→ **WHAT IS BEING ASKED**
Would you print the lines below exactly, beginning at the line that has "拍摄中,演员们每隔2分钟就得" and stopping after the line that has "앞서 사드배치를 촉구하는"? Only those lines, and no pictures.

→ **SOURCE MATERIAL**
○ ○ ○ ○ ○
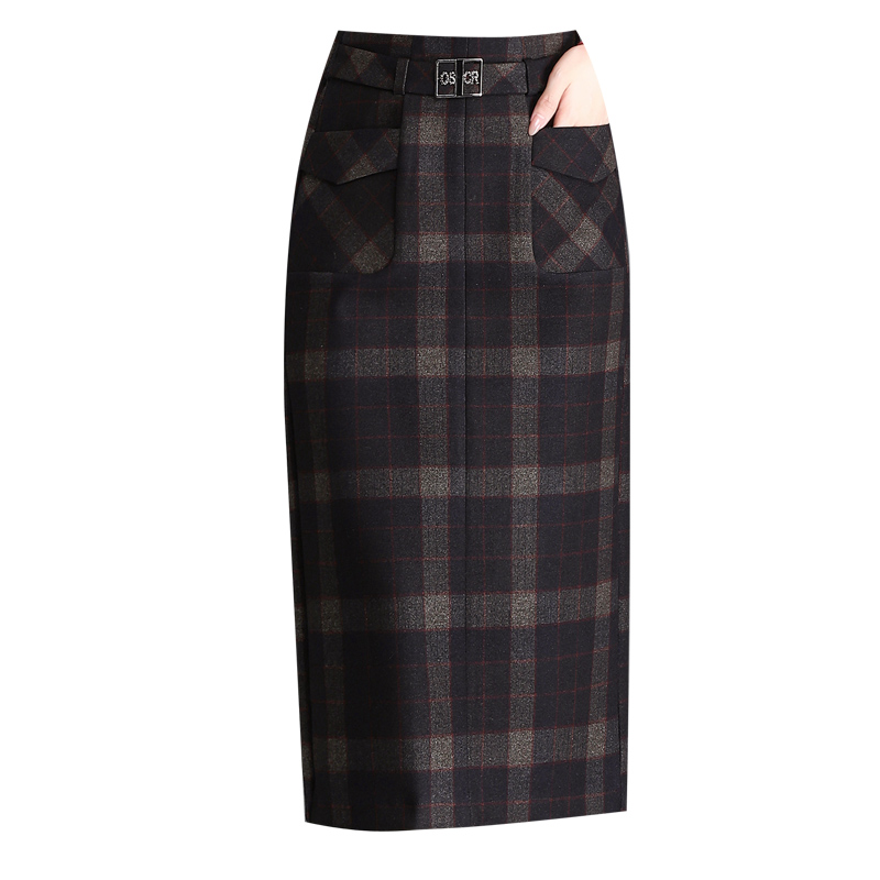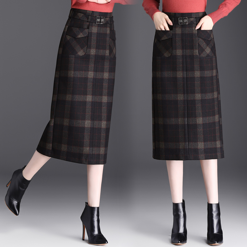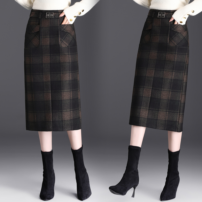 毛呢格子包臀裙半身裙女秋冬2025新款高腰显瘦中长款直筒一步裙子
○ ○ ○ ○ ○
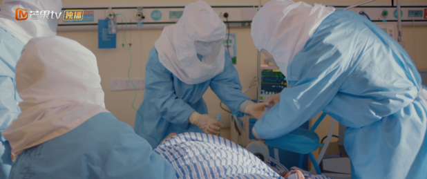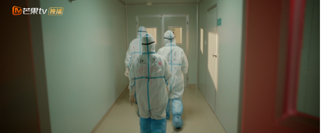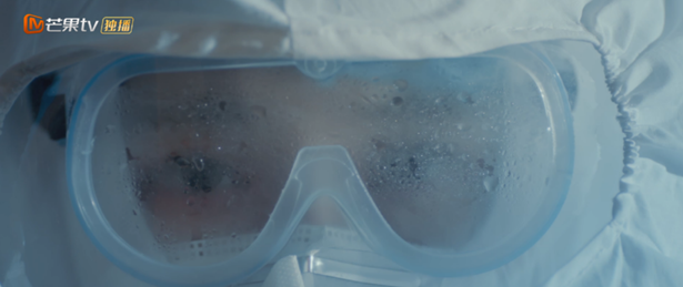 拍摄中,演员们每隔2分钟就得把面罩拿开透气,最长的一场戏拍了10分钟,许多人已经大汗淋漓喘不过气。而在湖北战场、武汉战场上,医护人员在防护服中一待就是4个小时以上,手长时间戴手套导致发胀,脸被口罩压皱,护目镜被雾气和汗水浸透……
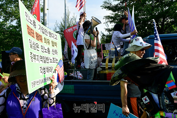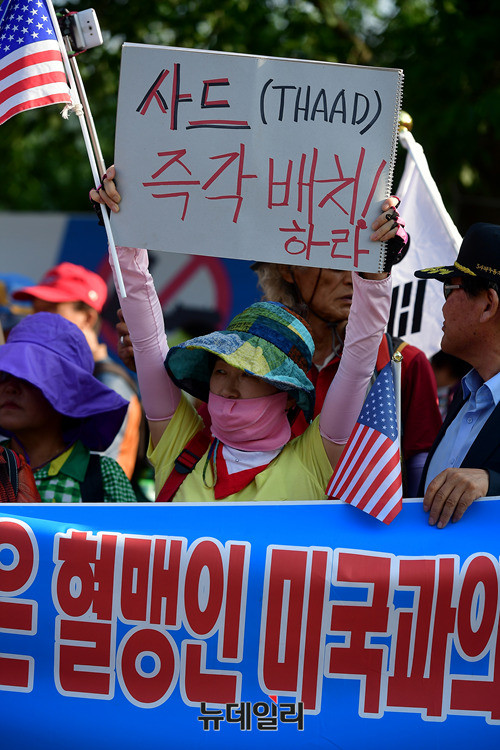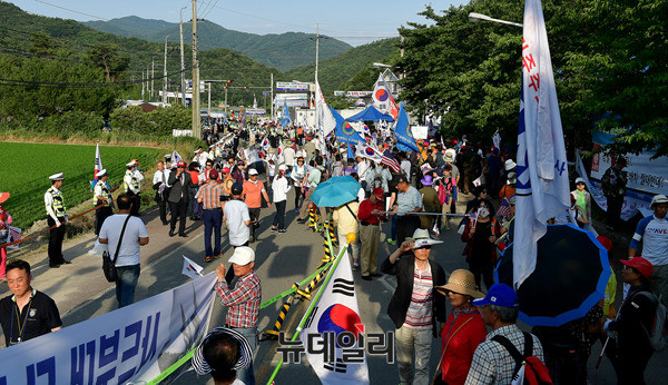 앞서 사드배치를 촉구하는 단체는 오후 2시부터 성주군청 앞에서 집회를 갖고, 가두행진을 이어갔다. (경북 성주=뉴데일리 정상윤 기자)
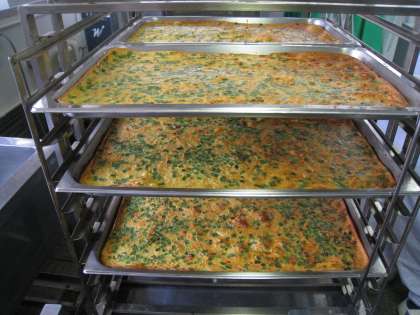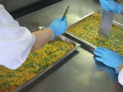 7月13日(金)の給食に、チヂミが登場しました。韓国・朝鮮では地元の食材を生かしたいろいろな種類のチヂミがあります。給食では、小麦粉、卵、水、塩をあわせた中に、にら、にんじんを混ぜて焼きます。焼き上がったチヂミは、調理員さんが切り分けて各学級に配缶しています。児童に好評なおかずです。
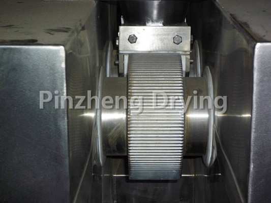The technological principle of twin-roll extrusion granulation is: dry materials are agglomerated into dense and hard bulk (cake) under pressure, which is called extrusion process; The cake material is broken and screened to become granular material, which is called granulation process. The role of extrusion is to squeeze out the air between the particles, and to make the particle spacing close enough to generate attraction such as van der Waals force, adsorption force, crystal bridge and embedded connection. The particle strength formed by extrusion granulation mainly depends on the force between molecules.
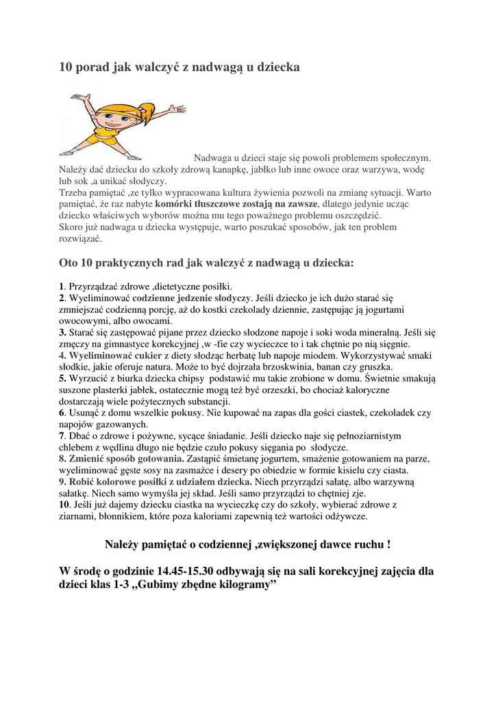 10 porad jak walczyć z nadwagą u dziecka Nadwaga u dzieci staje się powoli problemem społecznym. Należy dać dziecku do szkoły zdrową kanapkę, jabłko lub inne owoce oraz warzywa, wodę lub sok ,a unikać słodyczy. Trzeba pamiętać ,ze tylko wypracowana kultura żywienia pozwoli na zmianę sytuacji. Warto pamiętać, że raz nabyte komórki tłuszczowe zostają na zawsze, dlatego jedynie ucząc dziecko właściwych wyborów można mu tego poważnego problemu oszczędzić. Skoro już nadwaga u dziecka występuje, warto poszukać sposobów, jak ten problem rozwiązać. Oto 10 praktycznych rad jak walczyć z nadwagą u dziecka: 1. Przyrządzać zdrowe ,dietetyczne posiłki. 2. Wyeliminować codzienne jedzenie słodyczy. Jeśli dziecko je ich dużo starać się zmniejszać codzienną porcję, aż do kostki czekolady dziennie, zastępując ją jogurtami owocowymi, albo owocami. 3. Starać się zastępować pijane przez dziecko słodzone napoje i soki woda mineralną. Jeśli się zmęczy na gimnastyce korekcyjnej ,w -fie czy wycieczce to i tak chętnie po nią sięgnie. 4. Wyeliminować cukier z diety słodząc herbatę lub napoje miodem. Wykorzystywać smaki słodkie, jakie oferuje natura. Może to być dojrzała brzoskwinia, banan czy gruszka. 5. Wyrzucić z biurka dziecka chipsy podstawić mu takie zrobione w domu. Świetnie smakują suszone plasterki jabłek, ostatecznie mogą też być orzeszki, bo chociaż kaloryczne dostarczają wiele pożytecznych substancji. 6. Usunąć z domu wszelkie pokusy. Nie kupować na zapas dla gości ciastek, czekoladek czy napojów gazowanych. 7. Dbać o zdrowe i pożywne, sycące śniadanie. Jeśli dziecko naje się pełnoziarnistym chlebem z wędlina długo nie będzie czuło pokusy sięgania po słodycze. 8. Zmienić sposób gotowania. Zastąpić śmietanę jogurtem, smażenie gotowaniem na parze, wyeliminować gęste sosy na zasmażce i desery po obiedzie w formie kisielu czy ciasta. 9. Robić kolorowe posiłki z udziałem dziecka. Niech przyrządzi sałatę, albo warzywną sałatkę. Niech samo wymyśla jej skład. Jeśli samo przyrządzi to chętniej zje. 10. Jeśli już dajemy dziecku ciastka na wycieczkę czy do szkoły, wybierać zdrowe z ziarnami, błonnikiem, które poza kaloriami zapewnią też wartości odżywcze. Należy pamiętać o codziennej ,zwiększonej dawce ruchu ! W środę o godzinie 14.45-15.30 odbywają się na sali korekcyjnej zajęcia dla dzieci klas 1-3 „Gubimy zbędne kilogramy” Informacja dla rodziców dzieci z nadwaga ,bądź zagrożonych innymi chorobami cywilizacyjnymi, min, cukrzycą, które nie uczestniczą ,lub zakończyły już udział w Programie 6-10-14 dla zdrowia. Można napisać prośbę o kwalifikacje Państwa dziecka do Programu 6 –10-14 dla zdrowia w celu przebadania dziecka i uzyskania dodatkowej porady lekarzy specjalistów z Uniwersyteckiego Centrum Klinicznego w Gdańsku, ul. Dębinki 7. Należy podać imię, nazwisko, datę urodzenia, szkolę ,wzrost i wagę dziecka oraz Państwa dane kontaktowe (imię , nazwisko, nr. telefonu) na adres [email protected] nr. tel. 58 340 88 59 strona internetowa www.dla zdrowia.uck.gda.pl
○ ○ ○ ○ ○
→ **WRITTEN RESPONSE**
 拍摄中,演员们每隔2分钟就得把面罩拿开透气,最长的一场戏拍了10分钟,许多人已经大汗淋漓喘不过气。而在湖北战场、武汉战场上,医护人员在防护服中一待就是4个小时以上,手长时间戴手套导致发胀,脸被口罩压皱,护目镜被雾气和汗水浸透……
 앞서 사드배치를 촉구하는 단체는 오후 2시부터 성주군청 앞에서 집회를 갖고, 가두행진을 이어갔다. (경북 성주=뉴데일리 정상윤 기자)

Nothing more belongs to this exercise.